Re: DBpedia now available as triple pattern fragments from Ruben Verborgh on 2014-10-29 (semantic-web@w3.org from October 2014)

From: Ruben Verborgh <ruben.verborgh@ugent.be>
Date: Wed, 29 Oct 2014 14:58:30 +0100
To: Eric Prud'hommeaux <eric@w3.org>
Cc: semantic-web <semantic-web@w3.org>
Message-Id: <50FB5DF5-0895-4E2B-9833-F77F4BEDF649@ugent.be>

Dear Eric,

> The above doc describes paging over "blank-node-free" triples.
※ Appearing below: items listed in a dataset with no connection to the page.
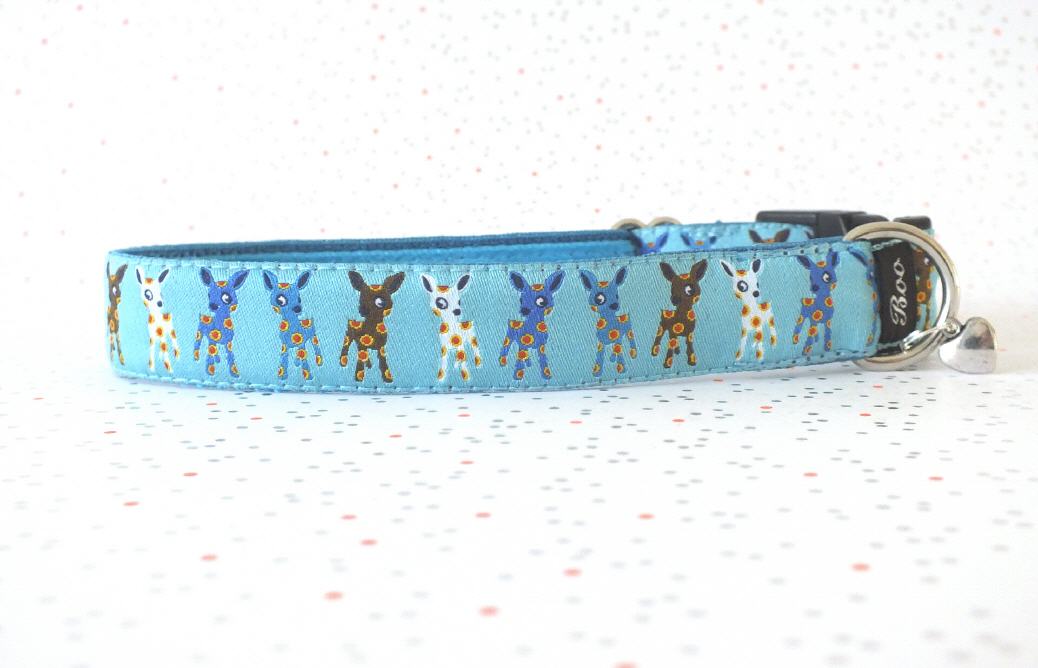 Das Halsband hat eine aufgenähte Webbordüre und eine samtig weiche Unterfütterung. Durch einen Metall Schieber ist es stufenlos größenverstellbar ohne am Hals zu verrutschen. Leicht gewölbt sorgt ein schwarzer Klickverschluss für einen guten Sitz am Hundehals. Der kleine Anhänger ist nur Tüddelkrams fürs Foto und könnte anders ausfallen. Das Material ist waschbar bis 30 Grad. Meine Empfehlung für dich ist Handwäsche um die tollen Farben und das Material zu schonen.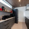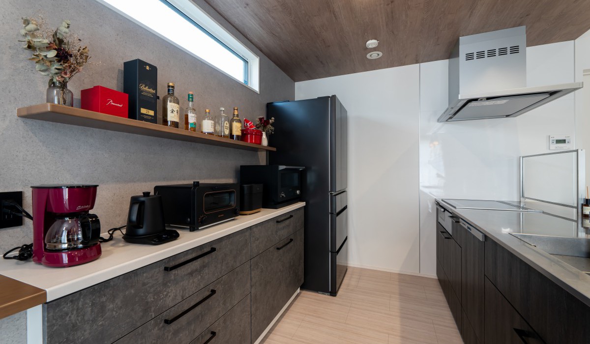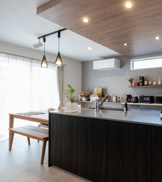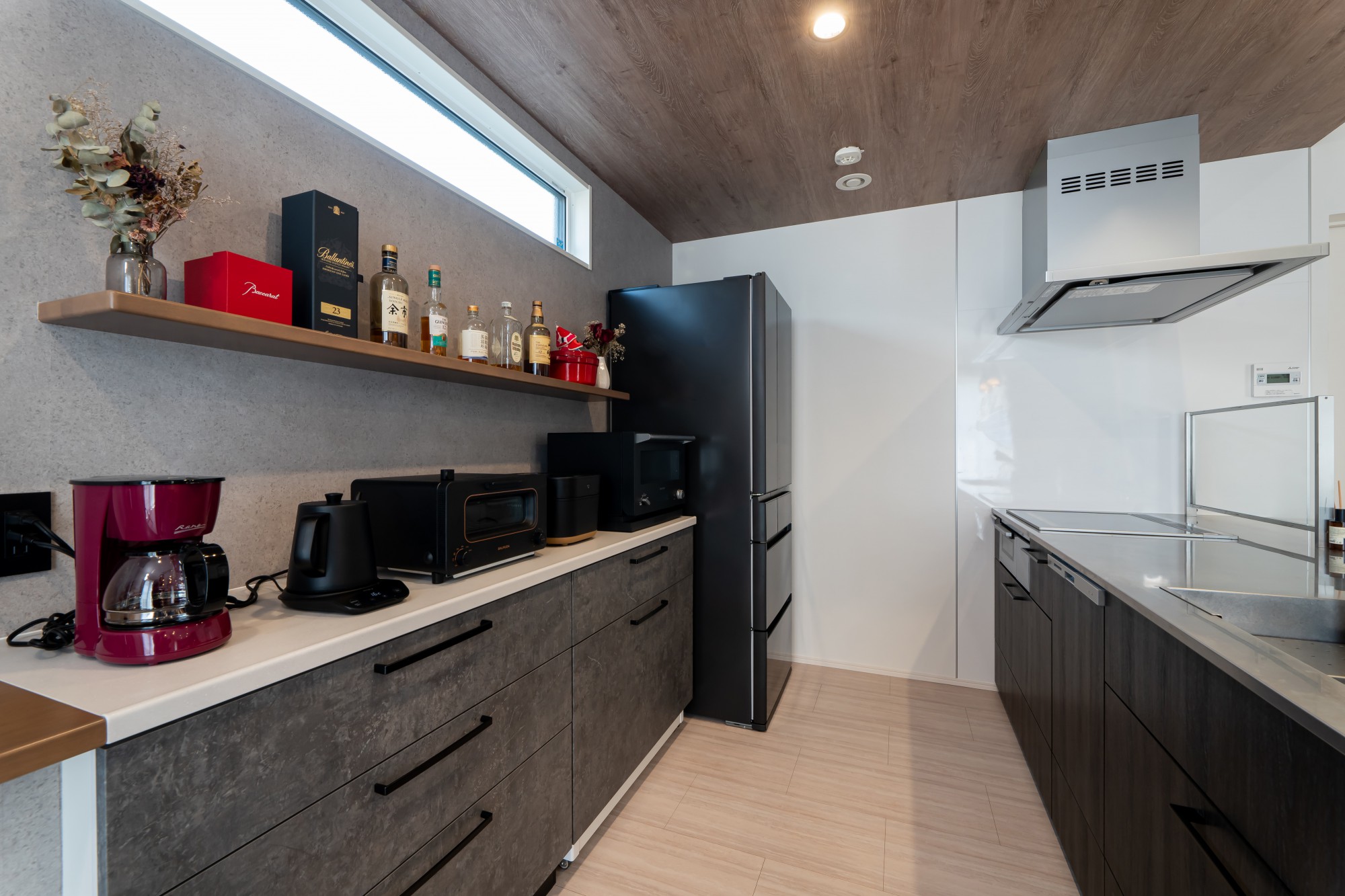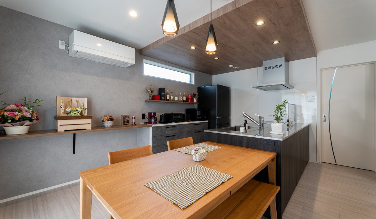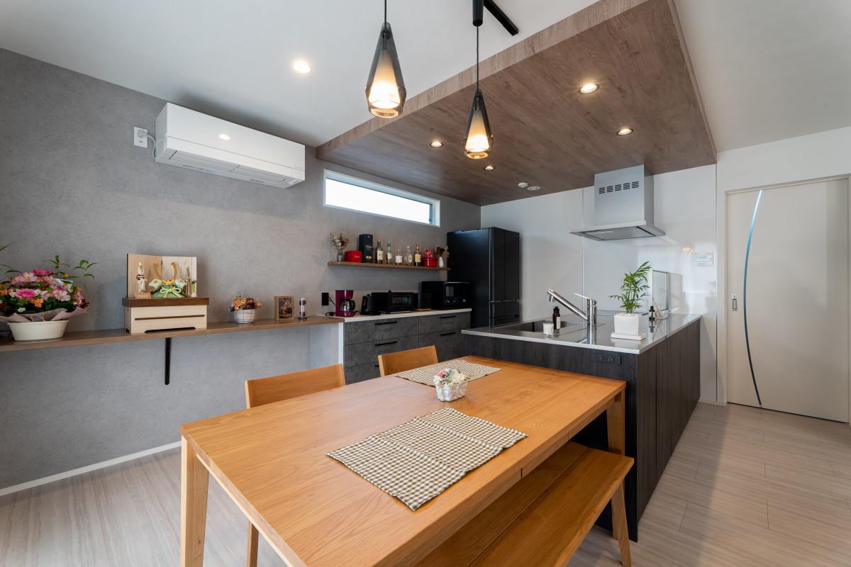 家電類を並べる棚と作業台も兼ねたカウンターを一直線にすることで、余計な水平ラインがなくスッキリと見える効果が。カラーも濃淡のグレー系と木目に絞り、長く使っても飽きのこないシンプルな空間に仕上がりました。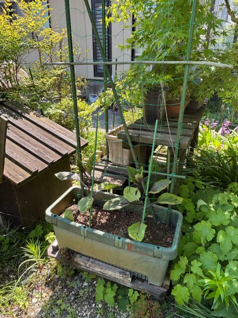 ここは例年ではキュウリを育てている場所ですが、モミジの木の下で、朝日は良く当たるけれど、午後の西日はやわらかい特等席。どうかな、茄子が豊作だったら嬉しいのだけど。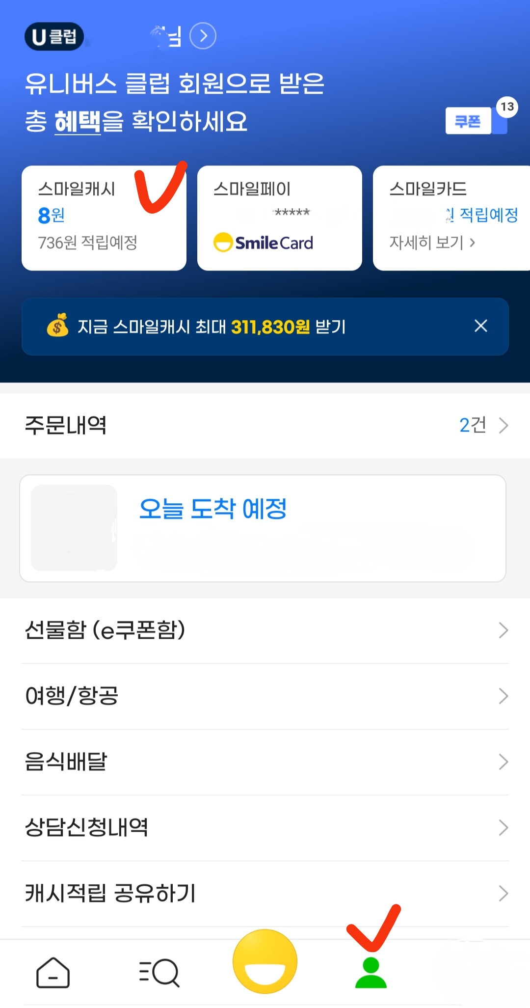 6. 이제 지마켓으로 이동하여 하단의 사람 모양 아이콘으로 들어가 상단에 있는 '스마일캐시'를 클릭합니다.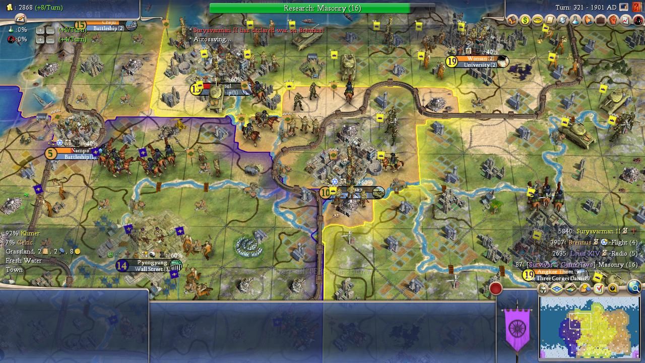 Once again, most of the rewards from this conflict accrued to Suryavarman. This time the actual city conquests had been split roughly in half between the Celts and the Khmer, but the cities that Brennus picked up were largely engulfed by French or Khmer culture. They contributed little to the rest of the empire. By contrast, the Khmer conquests were easily integrated into the rest of Suryavarman's territory and could become full participants in the industrial economy under development. This was another unlucky break for Brennus due to the geography of the rest of the world.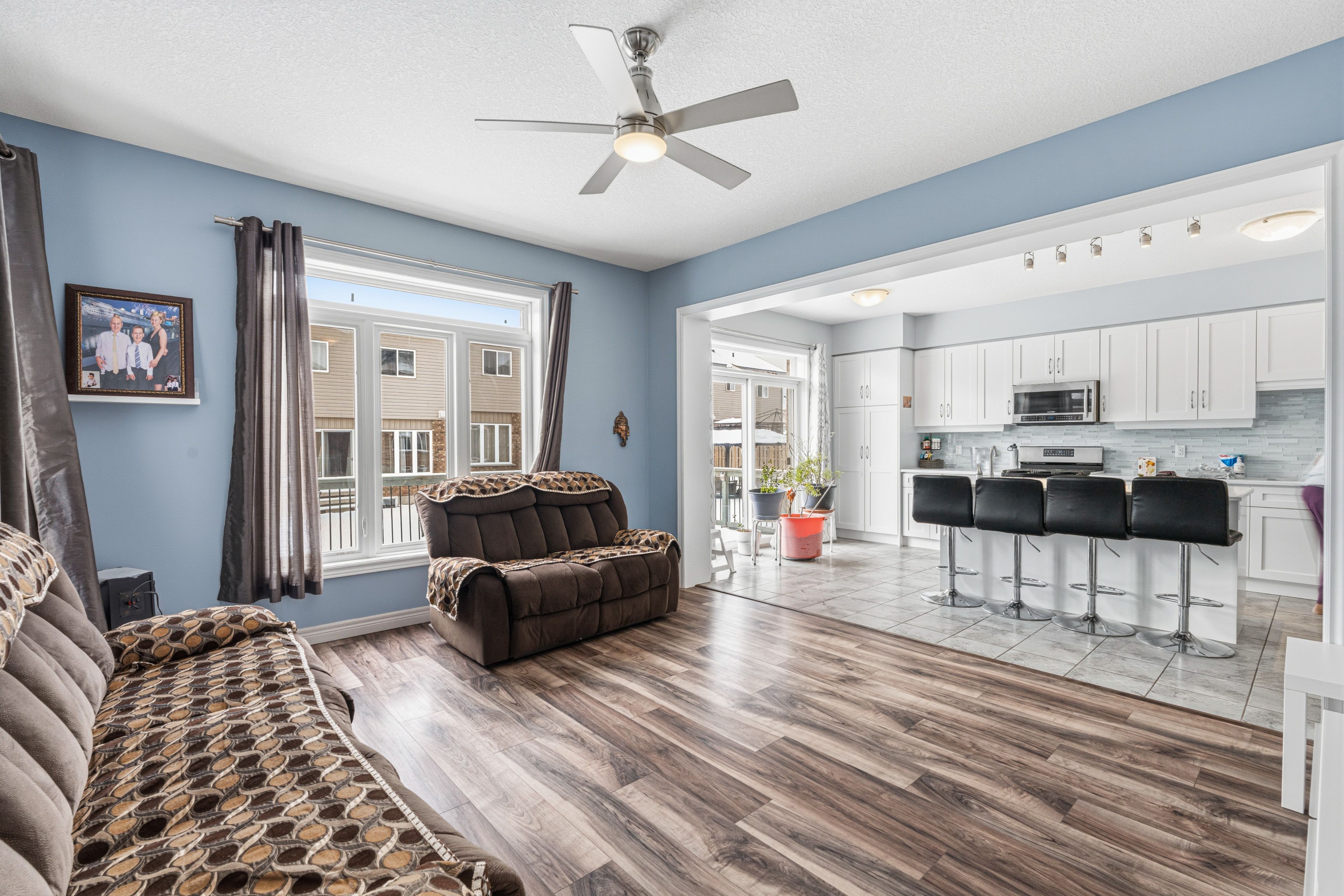 This exquisite two-story family residence, located at 72 grand flats trail in lackner woods at explorers, features four plus two bedrooms. The property immediately impresses with its distinguished stone pillars and inviting covered porch. Upon entering, the bright foyer and nine-foot ceilings establish an open and expansive atmosphere throughout the carpet-free main floor. This level includes a formal dining room, bathed in natural light, and a conveniently located laundry room. The kitchen is a highlight, boasting quartz countertops, stainless steel appliances, ample storage, a custom backsplash, white cabinetry with additional pantry space, and a generous quartz island with a breakfast bar. The upper level is enhanced by california shutters and a versatile landing area, ideal for a sitting room or home office. This floor comprises four spacious bedrooms, including a primary suite with a walk-in closet and a five-piece ensuite bathroom. Two additional bedrooms also benefit from walk-in closets. The fully finished basement expands the living space with two further bedrooms, a recreation room perfect for entertaining, and a fourth bathroom appointed with granite countertops. Strategically situated, this home offers exceptional accessibility to the grand river, walking trails, waterloo airport, parks, and schools. Furthermore, it is merely a seven-minute drive to highway 401, making this property a truly comprehensive offering.

Is that to simplify ordering?

The main reason is that blank nodes cannot be identified across different requests.
For instance, if I request the triple pattern fragment for ?x rdf:type foaf:Person
and the results contain _:b0 rdf;:ype foaf:Person,
how can I ask for more data about this person?
I cannot ask for _:b0 ?p ?o,
because the local identifier _:b0 was only valid in the context of the first response.

We solve this by translating all blank nodes to IRIs, following [1].
For instance, the EventMedia dataset contains a blank node _:B0.
The server translates this on the fly to
http://data.linkeddatafragments.org/.well-known/genid/eventmedia/B0.
That URI is dereferenceable and can be reused across requests.

> Would it also work with a deeper ordering like dbooth et al have discussed on semantic-web?

Could you elaborate on this?
Note that the triple pattern fragments interface does not prescribe any ordering;
derived interfaces that support this feature might be defined
(and dynamically discovered by clients).

> These cache effectively move some of your working result set into http-level (and thus sharable, if multiple clients happen to ask overlapping queries) caches.

Yes, this is a very important part of the scalability of our approach.
With SPARQL endpoints, each client sends a unique request to the server.
With triple pattern fragments, clients send multiple simpler requests to the server;
if two queries partially overlap, several fragments can be reused.
This is the reason that caching is indeed more effective.

> Have to poked at what happens when to make the unit of exchange a cannonicalized graph pattern instead of just a triple pattern? (I note that your slides say "go play" so maybe that's up to us.)

That is feature work, for all of us :-)
With the current work, we have looked at the question:
what happens if we choose a radically simple interface on the server?
In future work, people can investigate:
what happens if we make the interface (slightly) more complicated?
Does caching get better if we allow full-text search, graph patterns, …?

I'm very eager to learn about that.
The Linked Data Fragments initiative is about exploring those trade-offs:
triple pattern fragments make high availability and cache reuse easier,
but queries execute slower. We're curious to see other trade-off combinations,
which is why we publish our results and experimental set-up
(https://github.com/LinkedDataFragments/Availability-Performance-Benchmark).

Best,

Ruben

[1] http://www.w3.org/TR/rdf11-concepts/#section-skolemization

Received on Wednesday, 29 October 2014 13:59:04 UTC